Samsung Electronics 005930.KS’s contract manufacturing business wants to take advantage of the AI boom by combining its world No. 1 memory chip, foundry, and chip packaging services into a single place where customers can get their AI chips made faster.

Samsung said on Wednesday that the time it takes to make AI chips, which used to take weeks, has been cut by about 20% because clients can talk to Samsung’s memory chip, foundry, and chip packing teams all at once through a single channel.

At a Samsung event in San Jose, California, Siyoung Choi, President and General Manager, Foundry Business, said, We really are living in the age of AI.

Choi said that Samsung thinks the global chip business will make $778 billion by 2028, thanks to AI chips. Executive Vice President of Foundry Sales and Marketing Marco Chisari told reporters before the event that the company agrees with OpenAI CEO Sam Altman’s broad predictions about the huge demand for AI chips. Reports from Reuters say Altman told officials at contract chipmaker TSMC 2330.TW that he wanted to build about thirty new chip factories.

Samsung’s Integrated Approach and Technological Advances

Along with designing chips, Samsung is one of the few companies that sells memory chips. As a result, some clients were wary of doing business with its foundry because they thought it could help Samsung as a rival in another area. With the demand for AI chips going through the roof and the need for all the chip parts to be highly integrated so that they can train or infer huge amounts of data quickly while using very little power, Samsung thinks that its turnkey method will be a competitive advantage in the future.

The big South Korean tech company also talked up its cutting-edge chip design, called gate all-around (GAA). GAA is a type of transistor architecture that helps chips work better and use less power.
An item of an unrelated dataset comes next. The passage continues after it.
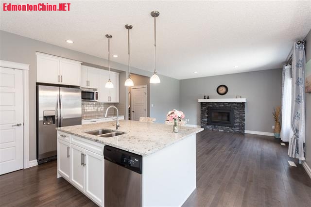 , Z! W `, p0 d2 ^主层坐拥9尺高天花板,硬木地板和地砖艺术配搭,足下生辉!主层设有一卫浴卧室套间!客厅燃气壁炉有石墙装点,雅致温馨!专业美食厨房配备了全套白色时尚橱柜、高端不锈钢电器,超大饭岛设有花岗岩台面,更有角落餐具存储间,便利无双!9 J1 I) x" C. w4 U( }

People think that GAA is important for making AI chips that keep getting stronger even as they get smaller and smaller, to the point where they break the rules of physics.

Global foundry No. 1 TSMC is also working on chips using GAA, but Samsung started using it earlier and said it would mass-produce its second-generation 3-nanometer chips using GAA in the second half of this year. Also, Samsung showed off its newest 2-nanometer chip-making method for high-performance computer chips. This method puts power rails on the back of the wafer to make power transmission better. The planned year for mass production is 2027.